--- PROVIDED MATERIAL Enclosed Below ---

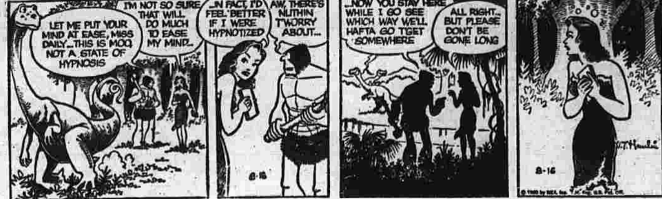
BY AL VERMEER
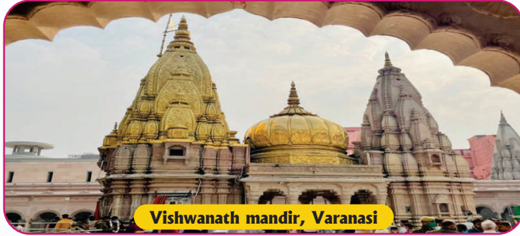
Vishwanath mandir, Varanasi
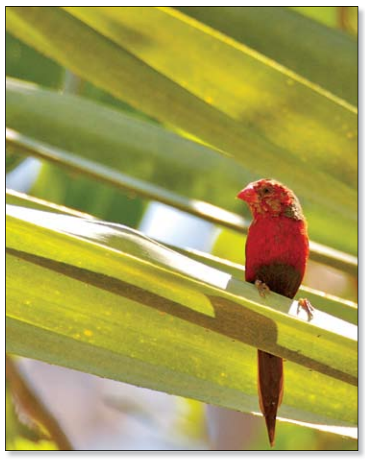
A juvenile Crimson Finch is on the lookout in a Pandanus Palm.
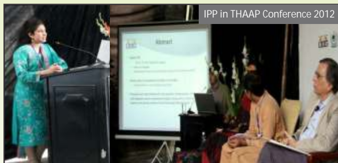
IPP in THAAP Conference 2012
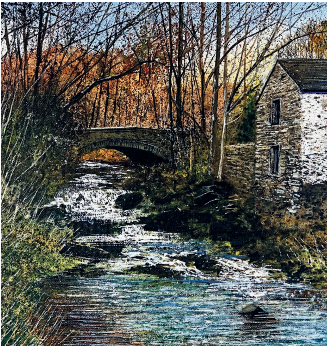
Living waters. Torver Beck from the Mill 30 x 30cm Oil
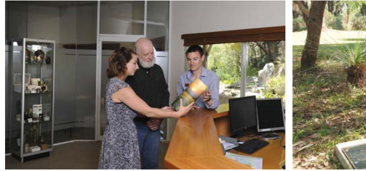
A wide variety of urns are available for viewing
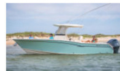
Canyon 271 FS (2016-)
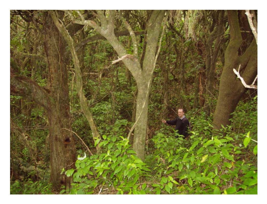
Photo 8: Kohekohe-dominated broadleaved forest: Plot 6/6 looking across small gully.
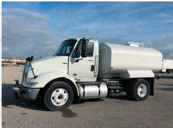
2012 International S/A 2500 Gallon Water Truck :: 1 of 3
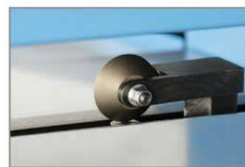
• Ultrasonic blade
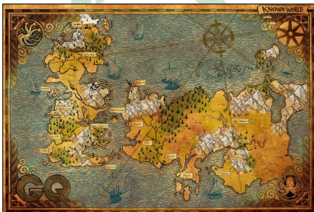
Figure 3.1: Map of A Game of Thrones World

In this chapter, the researcher analyzes Daenerys Targaryen's struggle based on the data from A Game of Thrones . The researcher divides the analysis into two parts. The first is Daenerys Targaryen's journey to becoming a khalasar leader, while the second is the effect of Daenerys Targaryen's struggle towards her personality. For a better understanding, the researcher provides a bit synopsis of Daenerys' story and the map of A Game of Thrones world.
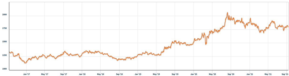
Figure 1: Gold daily prices, U.S. dollars per troy ounce.

Market traders buy and sell volatile assets frequently, with a goal to maximize their total return. There is usually a commission for each purchase and sale. Two such assets are gold and bitcoin.
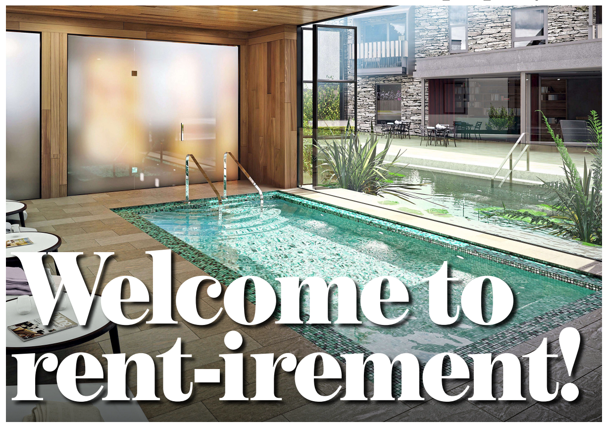
SPLASHING OUT: The pool and wellness centre at PegasusLife's retirement village in the Cotswolds

that 27 per cent of people between 55 and 85 said they would choose to rent instead of buy, citing a lack of stress, being able to live in a place where they could not afford to buy, avoiding stamp duty and
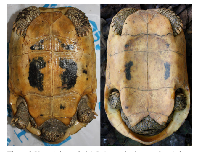
Figure 3. Ventral views of adult Indotestudo elongata , female from northern Cambodia ( left ) and male from the Turtle Conservation Centre in Cuc Phuong National Park, Vietnam ( right ).
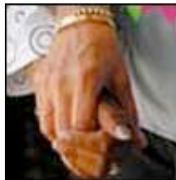
Figure 6: NAMI Home Page (NAMI, 2010).
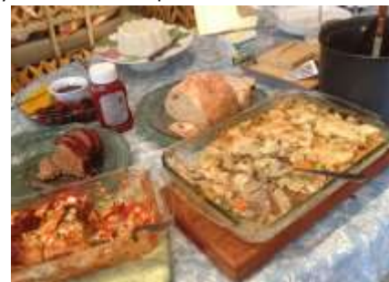
September - Comfort food!
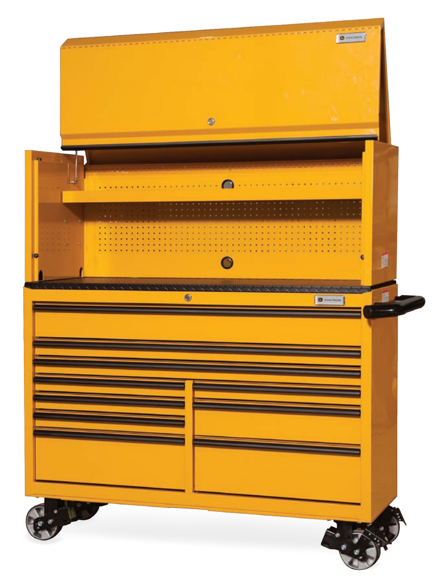
CC-5624H-Y and CC-5624CB-Y, 56-in. Top Hutch and Cabinet shown stacked
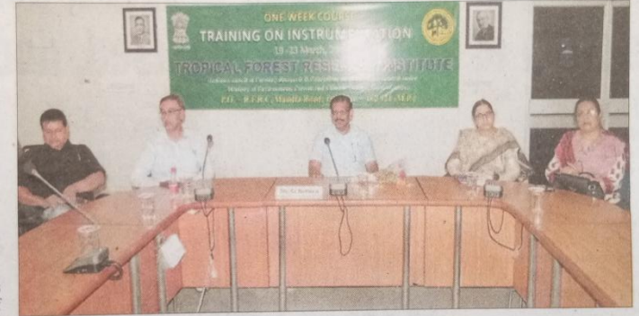
Senior officers during inaugural session of training on instrumentation at TFRI.

Addressing the programme, Director highlighted that rapid advancements in the field of science require a thorough understanding of underlying principles and essential know how of instruments, techniques and principles behind it. Instrumentation techniques keep advancing with advancement in both science and technology. In order to continue to engage in quality research, it is necessary to keep one-self abreast on the modern techniques as they evolve
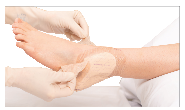
1. Gently pull handling tabs to release dressing from skin.
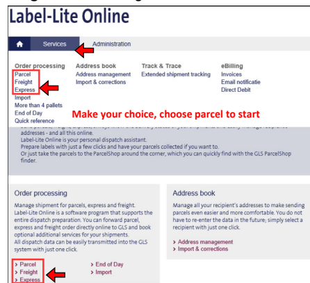
Click on "New Order"
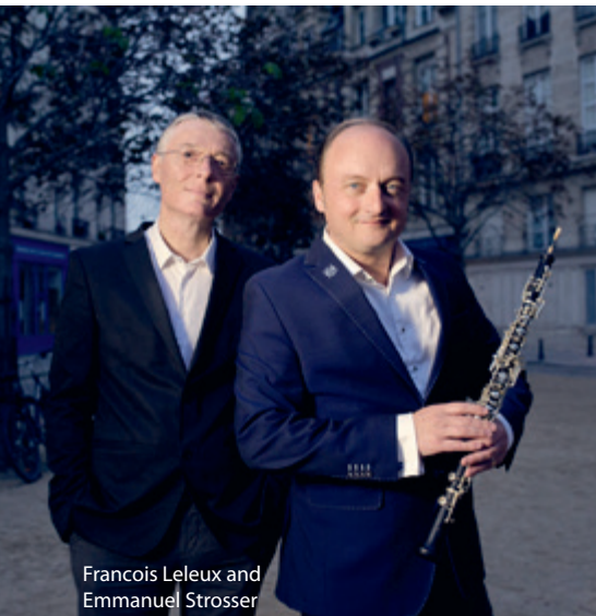
Francois Leleux and Emmanuel Strosser
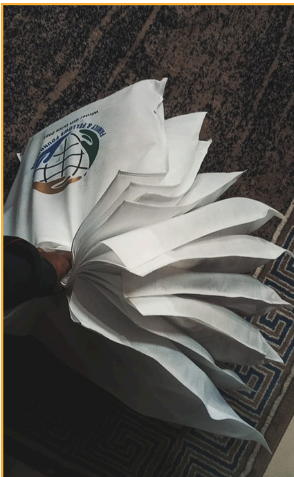
Volunteers going out for distribution of Winter Clothing
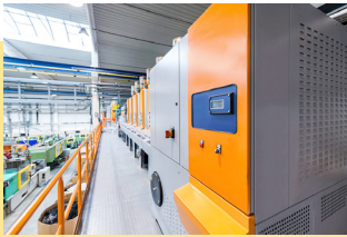
High Heat Rapid Drying
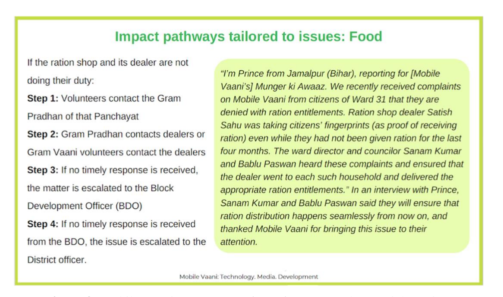
Figure 3: Mobile Vaani Impact Story for Safety Nets and Essential Services

Two major impact pathways existed to address the exclusionary gap in the area of safety nets and essential services. First, Mobile Vaani empowered its marginalized users to record voice reports on poorly functioning public services, and when they had difficulty accessing welfare schemes. Their stories were used by the interstitial STN actors of network volunteers to escalate issues to local government authorities. Many were published on Mobile Vaani to demand social accountability, culminating in smoother provision of these services. Second, the Mobile Vaani volunteers directly assisted many needy families, bringing them immediate relief through online registration for social welfare schemes. They also helped them fix personal data mismatches that precluded them from accessing emergency measures announced by the government. Figure 3 shows one of many impact stories in this area.
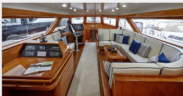
SY Latitude Bridge Deck
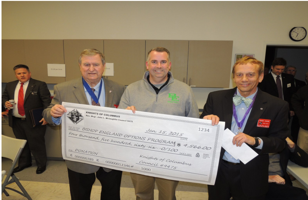
Council 9475 Donated $4,566.00 to Bishop England Options Program

--- End of Enclosed PROVIDED MATERIAL ---

*WHAT THE TASK REQUIRES:* From the first line of the records down through the line containing "Canyon 271 FS (2016-)", transcribe exactly those lines and no others, both ends kept, pictures dropped.

*SOLUTION TO THIS TASK:*
BY AL VERMEER
Vishwanath mandir, Varanasi
A juvenile Crimson Finch is on the lookout in a Pandanus Palm.
IPP in THAAP Conference 2012
Living waters. Torver Beck from the Mill 30 x 30cm Oil
A wide variety of urns are available for viewing
Canyon 271 FS (2016-)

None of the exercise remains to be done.